Wildbergers China-Vergleich ist mutig, ignoriert aber systemische Unterschiede. Peking kann Tech-Transformation durchregieren, Berlin muss Konsens organisieren. Für Unternehmen bedeutet das: Wer jetzt nicht in KI-Kompetenz investiert, verliert nicht nur Wettbewerbsfähigkeit, sondern Existenzberechtigung. Die Politik kann Rahmenbedingungen schaffen, den Wandel müssen Firmen selbst vollziehen. Wildbergers Albtraum-Warnung ist berechtigt – aber ohne konkrete Industriestrategie bleibt sie hohle Rhetorik.

Häufig gestellte Fragen

Welche Branchen sind am stärksten von KI-bedingten Jobverlusten betroffen?

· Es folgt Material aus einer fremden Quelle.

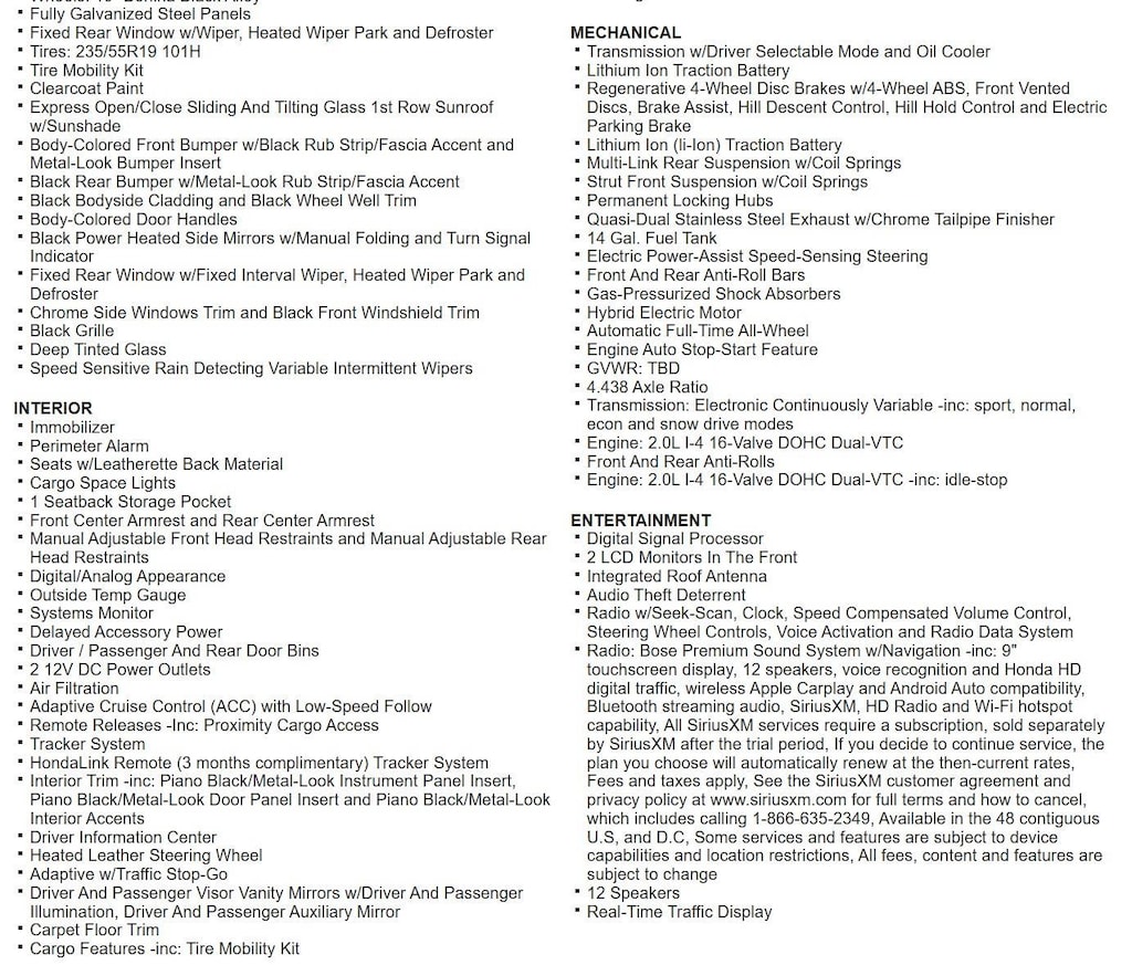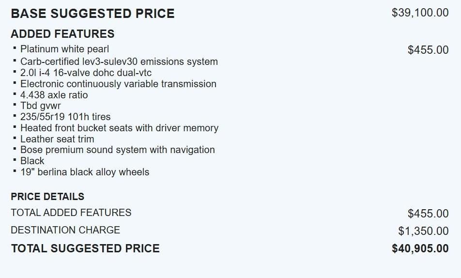 Wheels: 19 Berlina Black Alloy, Express Open/Close Sliding And Tilting Glass 1st Row Sunroof w/Sunshade, 12 Speakers, Heated Leather Steering Wheel, Adaptive Cruise Control (ACC) with Low-Speed Follow, Blind Spot Information (BSI) System Blind Spot, Collision Mitigation Braking System (CMBS) + Forward Collision Warning (FCW), Front And Rear Parking Sensors, Back-Up Camera

Nicht nur klassische Industriejobs stehen auf der Kippe, sondern auch Wissensarbeit. Informatiker, Mathematiker und Analysten müssen sich auf Konkurrenz durch Algorithmen einstellen. Besonders gefährdet sind repetitive Tätigkeiten in Verwaltung, Buchhaltung und Datenanalyse. Unternehmen sollten jetzt Umschulungsprogramme für betroffene Mitarbeiter entwickeln.

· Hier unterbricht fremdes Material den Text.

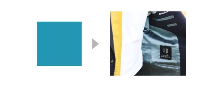【コーポレートカラー:フューチャーブルー】と【裏地イメージ】

Wie können Mittelständler von der KI-Transformation profitieren?

Mittelständische Unternehmen müssen KI nicht selbst entwickeln, aber intelligent anwenden. Prozessoptimierung, Kundenservice-Automatisierung und Predictive Maintenance bieten konkrete Einstiegspunkte. Entscheidend ist die Bereitschaft, bestehende Geschäftsmodelle zu hinterfragen und Mitarbeiter aktiv weiterzubilden. Wer jetzt investiert, sichert sich Wettbewerbsvorteile.

Ist das bedingungslose Grundeinkommen realistisch finanzierbar?

Wildbergers Rechnung setzt überproportionales Wirtschaftswachstum durch KI-Führerschaft voraus – ein gewagtes Szenario. Ohne deutlich höhere Steuereinnahmen bleibt das Grundeinkommen Wunschdenken. Realistischer sind branchenspezifische Übergangslösungen und massive Investitionen in Weiterbildung. Die Finanzierungsfrage wird zum politischen Lackmustest.

Was unterscheidet Deutschlands KI-Strategie von Chinas Ansatz?

China kann Tech-Transformation zentral durchsetzen, Deutschland muss Sozialpartner einbinden. Das verlangsamt Prozesse, schafft aber nachhaltigere Lösungen. Wildbergers China-Vergleich ignoriert systemische Unterschiede bei Datenschutz, Arbeitnehmerrechten und demokratischer Kontrolle. Deutsche Unternehmen sollten auf europäische KI-Standards setzen statt blindem Tempo-Fetischismus.

Welche konkreten Handlungsschritte sollten Unternehmen jetzt ergreifen?

Erstens: KI-Kompetenz im eigenen Team aufbauen statt externe Berater bezahlen. Zweitens: Pilotprojekte starten, um Potenziale und Grenzen realistisch einzuschätzen. Drittens: Mitarbeiter aktiv in die Transformation einbinden statt Ängste zu schüren. Viertens: Partnerschaften mit Tech-Anbietern prüfen, die europäische Datenschutzstandards respektieren. Wer wartet, verliert.